> _TASK ITEM_
Please print, exactly, only the lines in the entries below from the line that has "Black Cat Midnight" through the line that has "Tamanho 4 Anos: Peito". Pictures don't go in.

> _DATA EXTRACT_
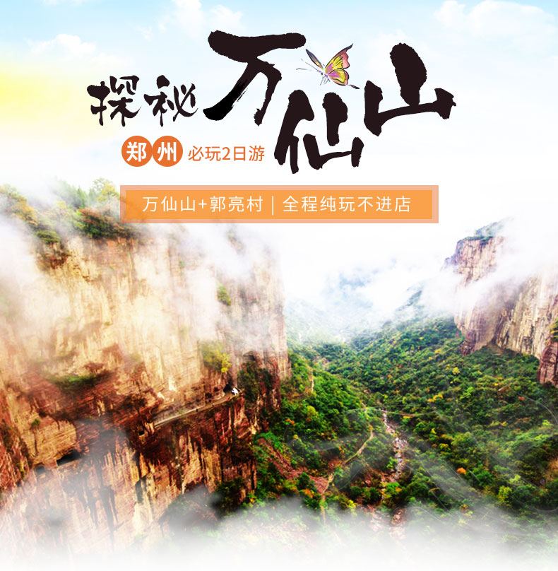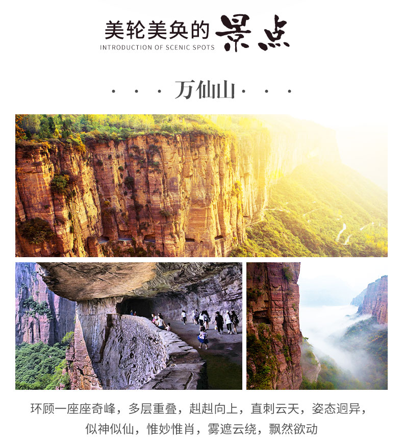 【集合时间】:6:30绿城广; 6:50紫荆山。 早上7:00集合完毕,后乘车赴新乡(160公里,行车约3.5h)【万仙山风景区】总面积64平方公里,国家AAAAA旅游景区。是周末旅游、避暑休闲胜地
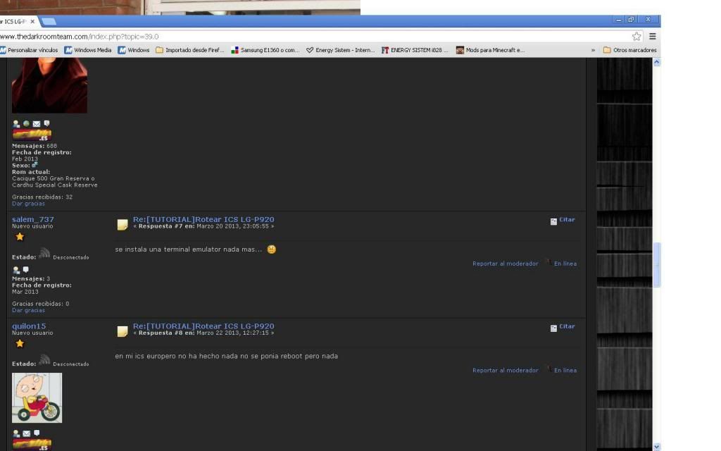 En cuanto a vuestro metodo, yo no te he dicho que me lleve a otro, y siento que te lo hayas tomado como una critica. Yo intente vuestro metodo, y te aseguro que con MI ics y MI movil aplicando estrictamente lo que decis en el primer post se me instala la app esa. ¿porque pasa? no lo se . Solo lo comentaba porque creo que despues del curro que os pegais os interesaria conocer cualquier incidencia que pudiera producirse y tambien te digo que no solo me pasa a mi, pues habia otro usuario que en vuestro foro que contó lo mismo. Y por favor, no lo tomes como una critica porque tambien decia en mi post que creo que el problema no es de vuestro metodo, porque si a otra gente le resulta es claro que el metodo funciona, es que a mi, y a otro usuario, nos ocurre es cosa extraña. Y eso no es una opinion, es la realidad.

* * *

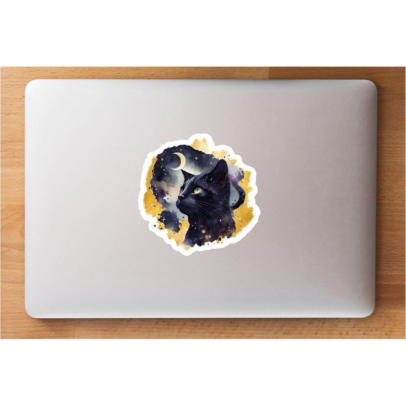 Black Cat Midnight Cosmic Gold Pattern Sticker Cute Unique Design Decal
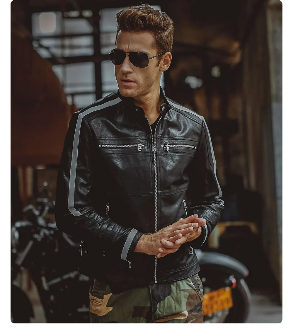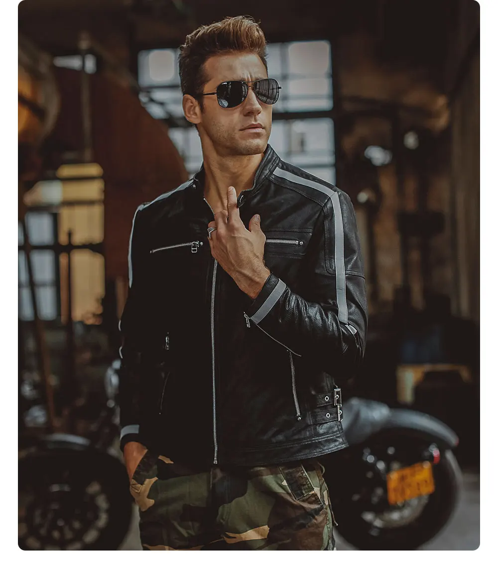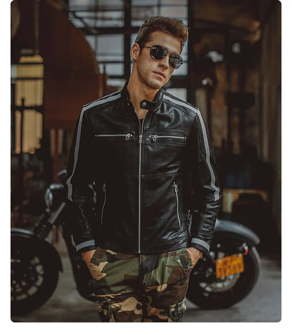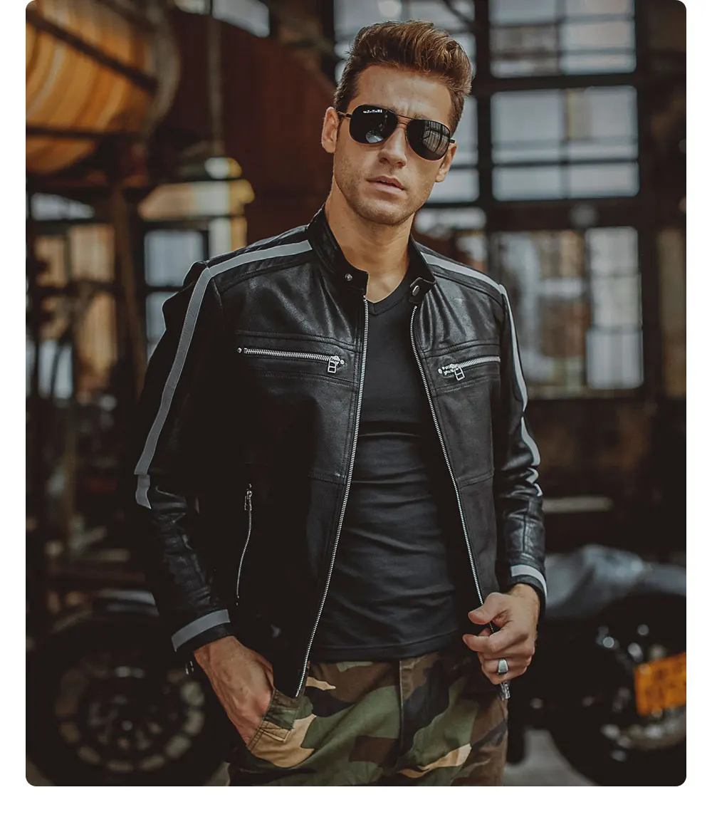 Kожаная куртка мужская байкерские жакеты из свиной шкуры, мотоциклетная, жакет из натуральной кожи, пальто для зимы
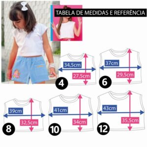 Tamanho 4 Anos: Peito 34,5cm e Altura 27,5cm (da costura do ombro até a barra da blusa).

> _ANSWER BOX_
 Black Cat Midnight Cosmic Gold Pattern Sticker Cute Unique Design Decal
 Kожаная куртка мужская байкерские жакеты из свиной шкуры, мотоциклетная, жакет из натуральной кожи, пальто для зимы
 Tamanho 4 Anos: Peito 34,5cm e Altura 27,5cm (da costura do ombro até a barra da blusa).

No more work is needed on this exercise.